**Excerpted data**

----

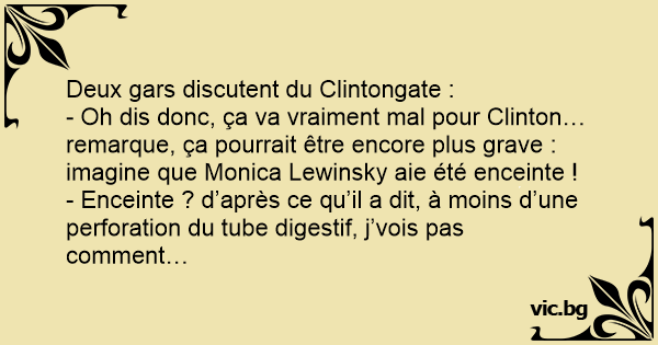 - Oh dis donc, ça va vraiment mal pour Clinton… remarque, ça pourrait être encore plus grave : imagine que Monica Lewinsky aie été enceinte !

----

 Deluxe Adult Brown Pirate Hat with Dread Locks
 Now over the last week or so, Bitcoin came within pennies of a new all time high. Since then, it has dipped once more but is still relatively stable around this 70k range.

----

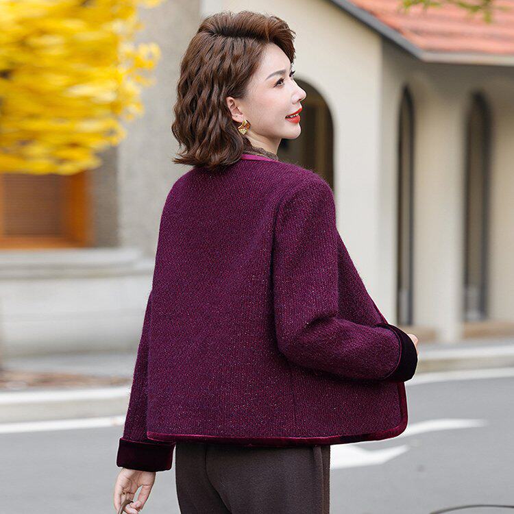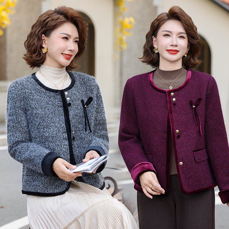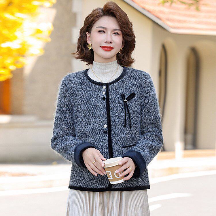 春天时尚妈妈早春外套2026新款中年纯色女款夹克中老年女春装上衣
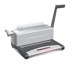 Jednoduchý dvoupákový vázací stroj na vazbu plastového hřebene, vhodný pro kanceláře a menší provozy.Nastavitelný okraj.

----

**Your assignment**
When you reach the line with "春天时尚妈妈早春外套2026新款中年纯色女款夹克中老年女春装上衣" in the records above, begin repeating the lines exactly, and stop after the line with "Jednoduchý dvoupákový vázací". Skip all pictures.

**The completed task**
 春天时尚妈妈早春外套2026新款中年纯色女款夹克中老年女春装上衣
 Jednoduchý dvoupákový vázací stroj na vazbu plastového hřebene, vhodný pro kanceláře a menší provozy.Nastavitelný okraj.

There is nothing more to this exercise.